= Gordon–Luecke theorem =

Two tame knots with homeomorphic complements are the same or mirror images

In mathematics, the Gordon–Luecke theorem on knot complements states that if the complements of two tame knots are homeomorphic, then the knots are equivalent. In particular, any homeomorphism between knot complements must take a meridian to a meridian.

The theorem is usually stated as "knots are determined by their complements"; however this is slightly ambiguous as it considers two knots to be equivalent if there is a self-homeomorphism taking one knot to the other. Thus mirror images are neglected. Often two knots are considered equivalent if they are isotopic. The correct version in this case is that if two knots have complements which are orientation-preserving homeomorphic, then they are isotopic.

These results follow from the following (also called the Gordon–Luecke theorem): no nontrivial Dehn surgery on a nontrivial knot in the 3-sphere can yield the 3-sphere.

The theorem was proved by Cameron Gordon and John Luecke. Essential ingredients of the proof are their joint work with Marc Culler and Peter Shalen on the cyclic surgery theorem, combinatorial techniques in the style of Litherland, thin position, and Scharlemann cycles.

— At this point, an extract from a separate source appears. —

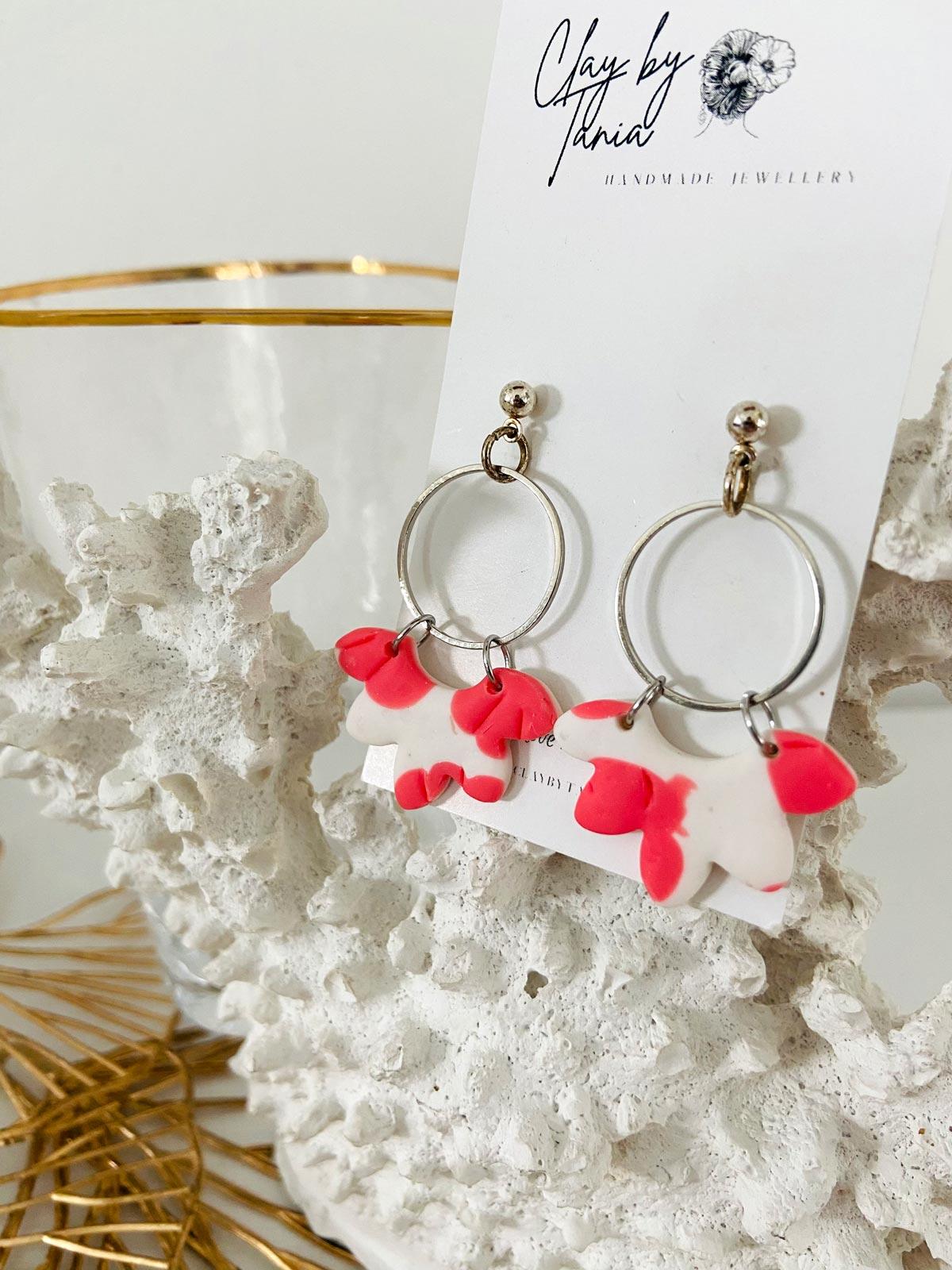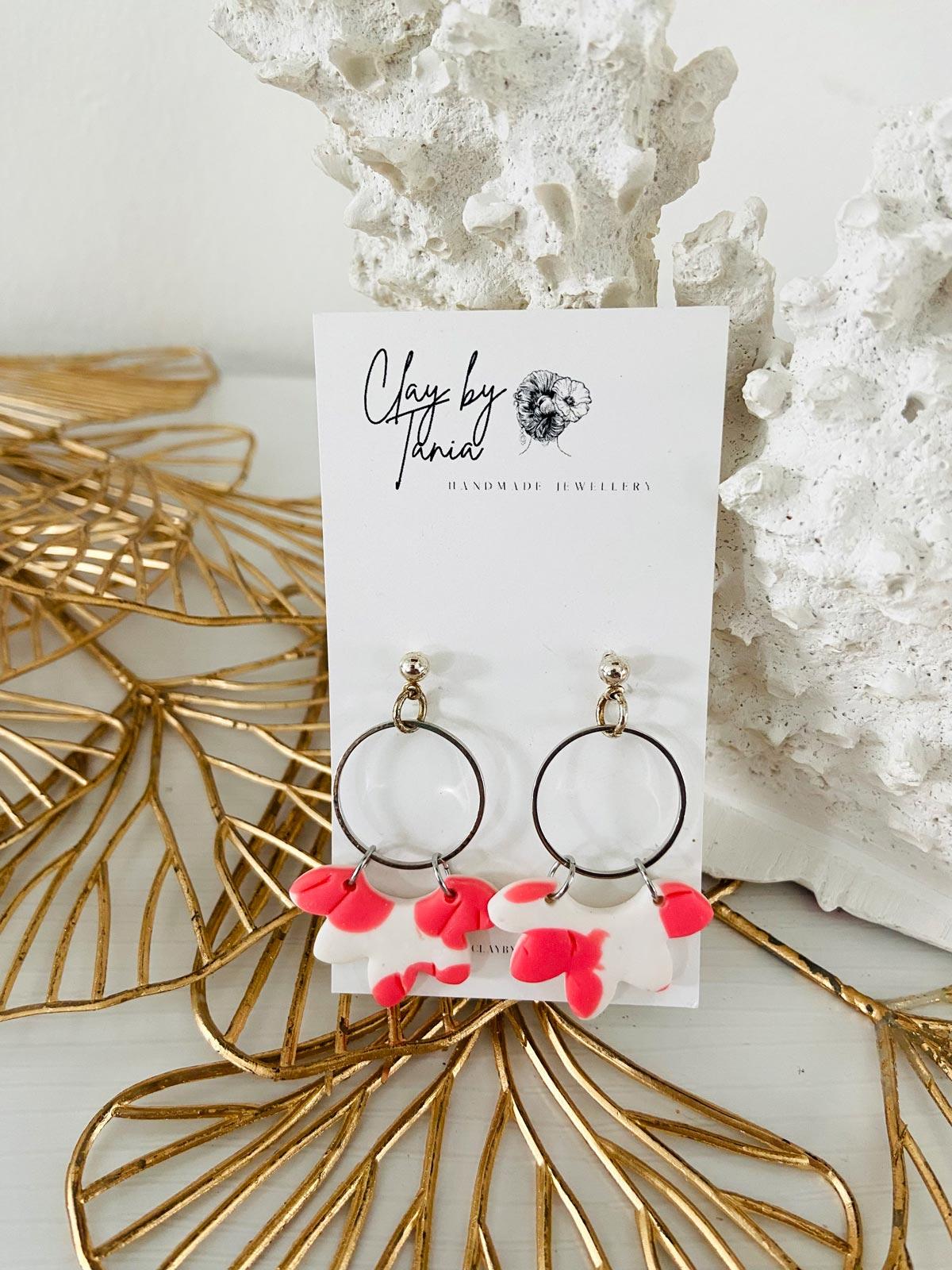 Colour/s: Coral, white. Flower shaped drop with metal connecter
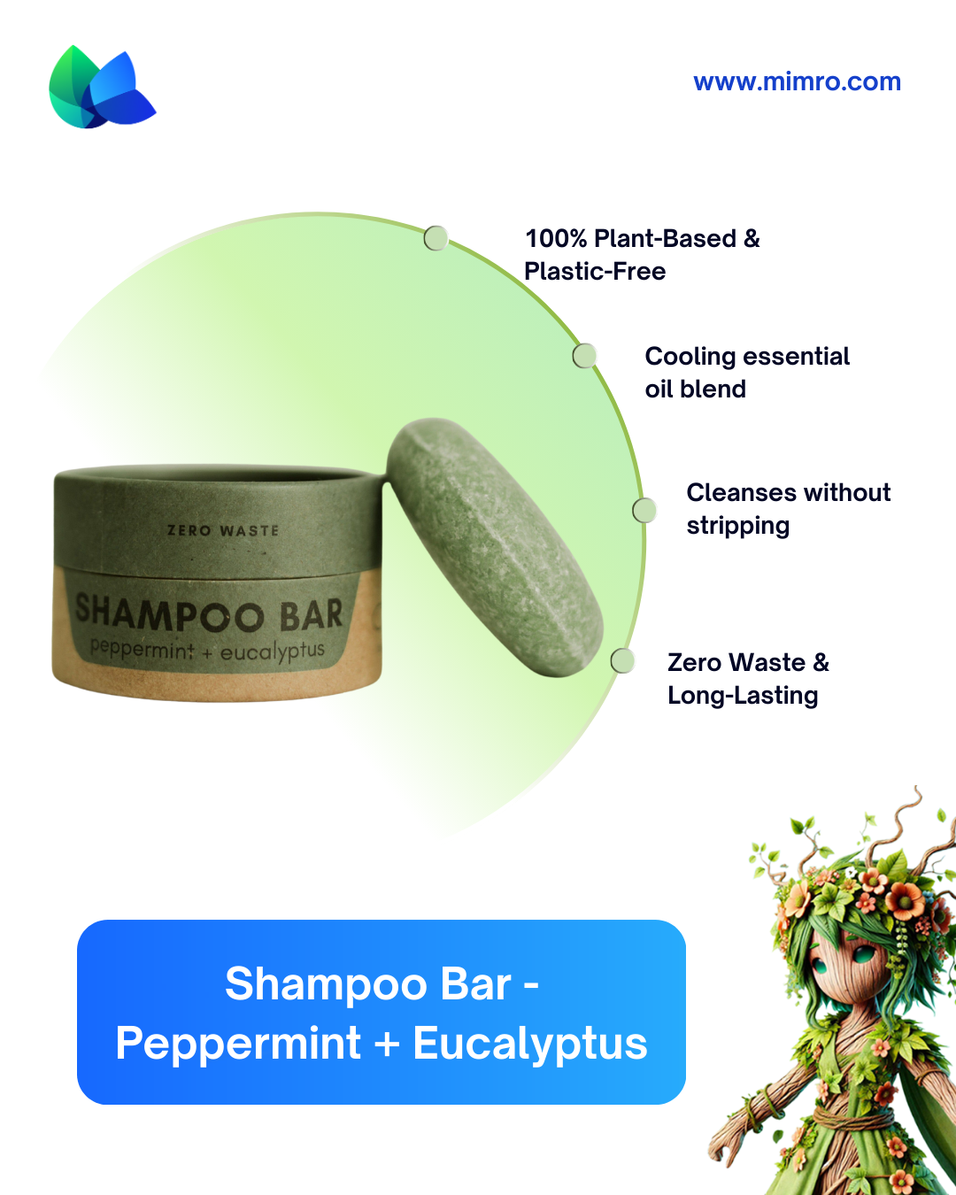 ZERO WASTE MVMT Shampoo Bar - Peppermint + Eucalyptus | Available on mimro

For link complements, it is not in fact true that links are determined by their complements. For example, JHC Whitehead proved that there are infinitely many links whose complements are all homeomorphic to the complement of the Whitehead link. His construction is to twist along a disc spanning an unknotted component (as is the case for either component of the Whitehead link). Another method is to twist along an annulus spanning two components. Gordon proved that for the class of links where these two constructions are not possible there are finitely many links in this class with a given complement.